After the introduction of the Il-62M, Aeroflot (the largest operator of the plane) gradually upgraded and later replaced its fleet of NK-8 powered Il-62s with the newer Soloviev D-30 KU-powered Il-62M. Coupled with engine nacelle and other modifications, greatly reduced the chance of contiguous powerplant damage. By mid-1973, the airline was operating 60 Il-62s, and by 1989 this had increased to 165 (Il-62 and Il-62M). The Il-62M had a dispatch rate with Aeroflot of 97% with some examples logging as many as 17 flight hrs/day, and it was described as the most reliable type in the fleet at that time. It set several international records in its class, mostly exemplifying a range capability far in excess of the conservative Aeroflot calculations applied in Soviet times. Some of these records were set by an all-woman crew of five captained by Iraida ("Inna") Vertiprakhova. With 10 tonnes of freight, the Il-62M had a maximum range of 10,300 km compared to 9,412 km for the VC10 carrying the same weight. With a 23 tonne payload, the Il-62M range was 8000 km, compared to 6,920 km for a Boeing 707 with maximum payload. Because of its capacity, the plane has historically been used for emergency civilian evacuation flights, one of the most notable being the landing of an Aeroflot-registered Il-62 at Santiago Airport, Chile on the night of 10 September 1973 (the day before the military coup by Augusto Pinochet) in order to evacuate 147 Cuban embassy personnel.

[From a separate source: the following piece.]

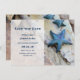 Cette annonce de mariage à thème de plage comporte une photo d'étoiles de mer artistiques sur un fond de rochers. C'est un excellent choix pour les mariages à thème de plage et de destination. ~

In April 2015 two EMERCOM Il-62Ms (including RA-86495 of the Russian Federation Air Force) were used to evacuate around 900 foreign nationals and Yemenis from Sanaa during the Saudi-led military operation against Yemen.

The Il-62 was said to be well regarded by pilots and passengers alike, especially for its strong directional stability in high turbulence (although landings are sometimes bouncy), smooth cruising ability and very quiet interior in cruise mode due partly to engine placement. Although the original Il-62 was rated for a service life of 23 years and was criticised for heavy fuel consumption, upgraded M versions are sometimes rated for 50 years and have greatly improved operational economics. One of the drawbacks of the original Il-62 design was the lack of a cargo bay roller transfer system, which necessitated manual loading of pre-packaged baggage and cargo thus making preparation of the aircraft rather slow (a cargo/baggage conveyance system is standard on the Il-62M). There is relatively easy access to all serviceable mechanical components including the engines whilst the plane's thrust reversal capabilities allows reverse taxiing without the need for tow vehicles. Powerplant overhaul intervals varied between specifications and maintenance procedures and between the thrust reverse-capable outer engines and the inner ones. Czech Airlines operated an early Il-62 on a proving basis up to 3000 hrs between overhauls, which was well beyond the recommended (and their usual) intervals which were nearer 2000 hrs although Interflug were able to designate up to 5000 hrs with their service facilities. Subsequent upgrades to some Il-62Ms provided for 6000 hr overhaul intervals (with total engine life of 18,000–20,000 hrs). Later examples of the Il-62M remain in regular commercial service (as of 2016), and the type also sees continued use as a VIP/head of state transport.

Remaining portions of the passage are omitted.